Like some people I picked up briar pipes first before getting a cob pipe. Since I smoke in an opened garage, some of the briar pipes will smoke too hot because of the wind. With a cob pipe, the wind is no longer a factor. I can enjoy the smoke & just worry about keeping the tobacco lit. If the cob pipe gets too hot, who cares unlike a briar pipe that I don't want to ruin. Finished a bowl of GH Happy Bogie & a bowl of Black twist Sliced in my cob.


----------



## Requiem (Dec 6, 2008)

I want to get 5 corncobs, while visiting the US. 
2 or 3 will be for myself, and the rest to offer, on a effort to recruite some friends to the hobby...

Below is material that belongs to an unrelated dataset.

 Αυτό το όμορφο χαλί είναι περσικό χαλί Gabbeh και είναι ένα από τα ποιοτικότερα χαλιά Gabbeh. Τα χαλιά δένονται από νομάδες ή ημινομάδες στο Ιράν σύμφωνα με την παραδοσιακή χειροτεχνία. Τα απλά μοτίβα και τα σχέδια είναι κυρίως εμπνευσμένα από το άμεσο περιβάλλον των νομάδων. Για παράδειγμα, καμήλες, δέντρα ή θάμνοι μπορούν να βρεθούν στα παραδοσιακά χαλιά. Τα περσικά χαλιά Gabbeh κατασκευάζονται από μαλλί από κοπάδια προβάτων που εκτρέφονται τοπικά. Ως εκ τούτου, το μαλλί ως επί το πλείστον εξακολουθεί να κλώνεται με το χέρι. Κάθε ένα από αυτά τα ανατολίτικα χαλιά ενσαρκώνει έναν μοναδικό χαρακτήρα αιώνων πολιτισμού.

I see some Missouri Meerschaums have a hardwood fitted bottom... are those the best?
However, I am not sure which models have that hardwood bottom. Great Danes, Diplomats are listed as having them... the others I don't know.


----------



## Mr.Lordi (May 20, 2007)

I love cobs, give you one of the best smokes ever. Only thing that sucks is they cost 5 bucks for what you could, essentially, make yourself. 

I did find a bunch of dollar cobs once, but they came from China and I didn't want lead poisoning...not that EVERYTHING from there has lead in it, but it did cross my mind. lol

Oh yeah, also, the bowls are too small and it seems right when Im finally getting into the groove, the smoke is done. Not even all the way to the bottom either, it just stops. lol


----------



## DSturg369 (Apr 6, 2008)

I wind myself smoking a MM cob and PA more often than any other combo in my collection. They just seem to "click" together so well I figure "Why fight a good thing?"

As for pic, my avatar and profile pic tell it all.


----------